Она знала – его глаза темнели от тревоги, боли, злости и ревности.

– Что-нибудь случилось? – спросила она, и сердце ухнуло вниз от догадки – следил? Узнал, что ее не было в агентстве? Кто-то рассказал ему про Митяя? Или просто неприятности на работе?..

– Сережа… – Ольга попыталась взять его за руку, но он вырвался, стремительно подошел к окну и, глядя во двор, освещенный яркими фонарями, глухо спросил:

– Ты меня любишь?

Первый раз спросил об этом, не глядя в глаза.

– Почему ты спрашиваешь, я не…

– Ты меня любишь? Ответь мне! – Сергей резко повернулся, и Ольге показалось, что ему хочется схватить ее за плечи и потрясти. – Ответь немедленно!

– Я тебя люблю, ты это знаешь. – Ольга старалась говорить спокойно, но голос дрожал.

– До недавнего времени я в этом не сомневался… до сегодняшнего дня.

– И… что же произошло сегодня?

Она не ошиблась – Сергей подошел к ней, взял за плечи и легонько встряхнул.

– Я всегда думал… что, когда два человека любят друг друга, они ничего друг от друга не скрывают… Ничего! – Он помолчал, отвел взгляд, отпустил ее и как-то безучастно сказал:

– Я только что был в госпитале. Навещал твоего приятеля.

– Сережа, это совсем не то, что ты думаешь. Я могу все объяснить…

– Не надо.

– Но, Сережа!..

– Не надо мне ничего объяснять! Я все знаю. Я действительно все знаю.

Этот тон, этот взгляд, эти руки, рванувшие на шее галстук, – все было катастрофой. И никакие объяснения эту катастрофу исправить не смогли бы.

Может, просто упасть на колени? Но она ни в чем не виновата… Разве только в том, что не рискнула сказать правду, потому что точно знала – будут этот взгляд, этот тон и эти руки, рванувшие галстук… Когда они только начали жить, барышевская ревность ее забавляла, веселила и даже ей льстила, но Ольга никогда не думала, что она заставит ее врать, изворачиваться и чувствовать себя чуть ли не преступницей.

Она не станет оправдываться.

Пусть сам договаривается со своей ревностью.

Барышев помял галстук в руках, отбросил его и снова взял ее за плечи.

– Прости меня!

Ольга опустила глаза, сил не было на него смотреть – бледного, истерзанного…

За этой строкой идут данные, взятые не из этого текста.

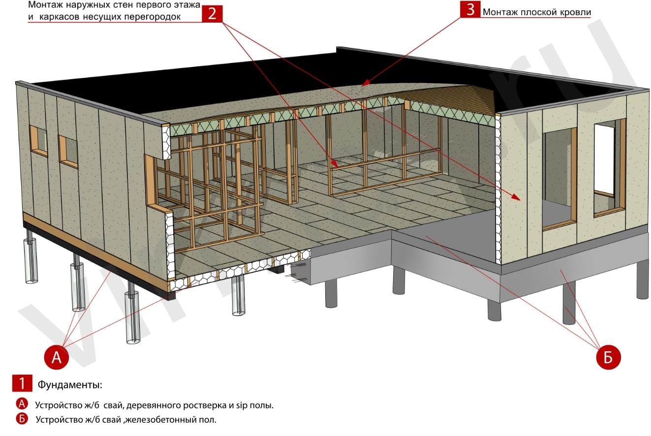 Монтаж наружных стен первого этажа и каркасов несущих перегородок

– Прости… Что же я делаю не так? Скажи мне. Ведь я что-то не так делаю. Если ты боишься сказать мне правду… Значит, дело во мне?

– Сережа! – Ольга обняла его с благодарностью и засмеялась – слава богу, никакой катастрофы, ревности дали пинка под зад. – Сереж…

– Я дурак? Да? – Он виновато потерся носом о ее плечо. – Ну, скажи, я ревнивый идиот?..

– Я просто очень боюсь тебя потерять, Сережа. Очень боюсь. Ты тоже меня прости. Это я дура! Самая примитивная дура.

– Я люблю тебя!.. Примитивные дуры всегда были в моем вкусе…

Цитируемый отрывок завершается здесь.